At the film’s screening on campus Aug. 7, representatives of Florida’s Special Olympics chapter acknowledged that not many people realize that the Special Olympics is a year-round organization that serves more than 2 million intellectually-disabled youth and adults worldwide. Florida’s chapter is one of the state’s largest volunteer organizations.
“On any given day, there are 84 Special Olympics events going on,” said Matt Levy, vice president of resource development for the non-profit group. The organization plans to use the film to recruit volunteers. “It’s a storytelling vehicle to reach people,” said Levy. “It’s an invaluable tool.”
Coach and public relations manager Kevin Lajeunesse said he thought the benefit of the experience went both ways. “One by one, pretty much every person in the crew came up to me and thanked me for letting them be a part of it,” said Lajeunesse. “I could tell that [this experience] touched them in a way that they hadn’t expected.”
The student group who created the film, 71, was similarly inspired by the subject of their film – 71-year-old weightlifter and former Olympic champion Jose Postigo.

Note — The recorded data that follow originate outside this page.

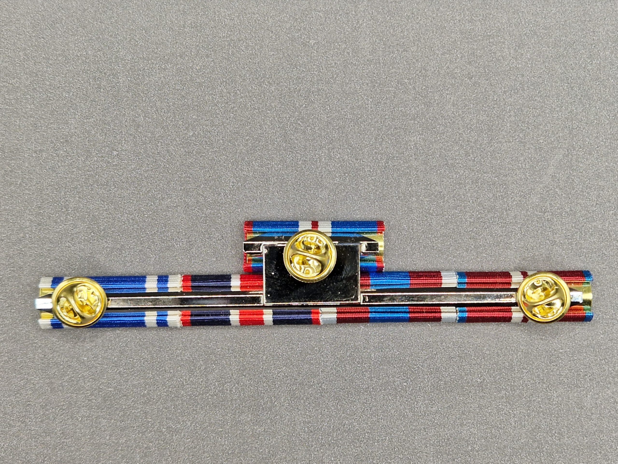 Description – Royal blue with central red stripe bordered with two thin white stripes, the ribbon also edged with two thin red stripes
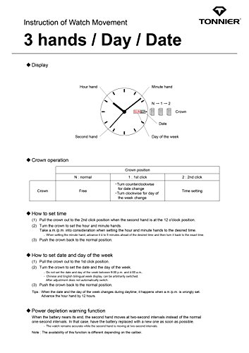 ★ FUNCTION: This is a sport and casual watches. Luminous hands can easily be used at night or dark to light. It is imple to adjust the calendar&week. The watch is suitable for many occasions to wear, but also for a variety of sports wear.
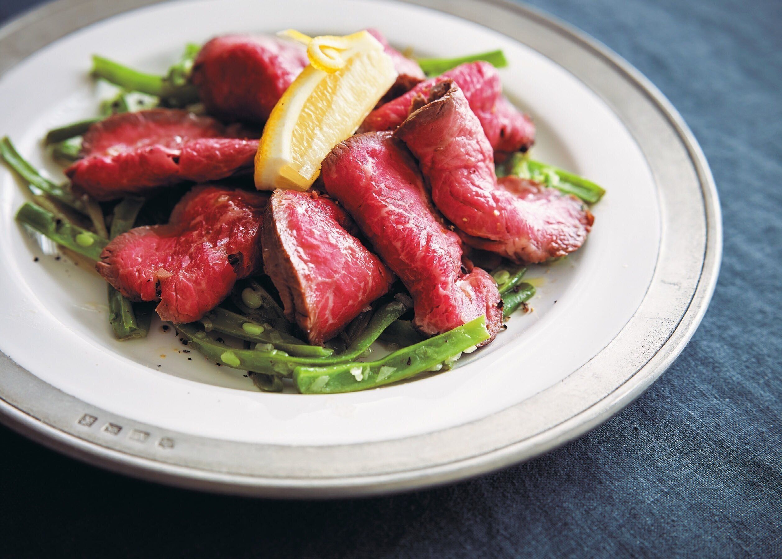 (3)器に、あればサラダを敷いてローストビーフを盛り、レモンとマスタードを添える。

The filmmakers found Postigo at the Sunshine State Games, a series of multi-event competitions for athletes of all ages.
“We were actually going to originally follow the games,” said Timothy Dalisay, student director for 71. Then they met Postigo.
“Even for his age, he was lifting some pretty heavy weights,” said Dalisay. “It was really inspiring. I was really scared for him – he looked fragile, I guess, only because I knew he was 71-years-old.”
After talking to Postigo, the crew realized that he had something to teach them and to anyone who might watch their documentary. “He looks his age but he’s doing things that I didn’t think 71-year-olds could do,” said Dalisay. “He really had a great message and it was [that] sports is for all ages. No matter how old you are, you can play a sport.”
The film was also inspiring to the producers of Current TV. Shortly after uploading the documentary to Current.com, the student filmmakers heard back from Current’s producers, who offered the group an $800 contract to run71 on Current TV for three months.
“I feel really excited about it because this is our first project that’s actually going somewhere,” said Dalisay. “It’s a real television credit that we can use on our resume.”
According to Martin, one reason these two films were successful is that the crews searched for a good story and then listened to their subjects. The benefits of that spill over to fiction filmmaking.
“I think that’s the key to doing documentaries – listening,” said Martin. “Especially for young filmmakers, dealing with actors and trying to get them to do emotions that you’ve never experienced yourself or have no idea when you’re 18 or 19 is kind of tough. With documentary though, you can ask the right questions and you can really listen to people.”
He added, “Once you learn to listen, really listen to what people are saying, then you can deal with actors and start to see what they’re saying by listening to them and getting them to listen to each other!”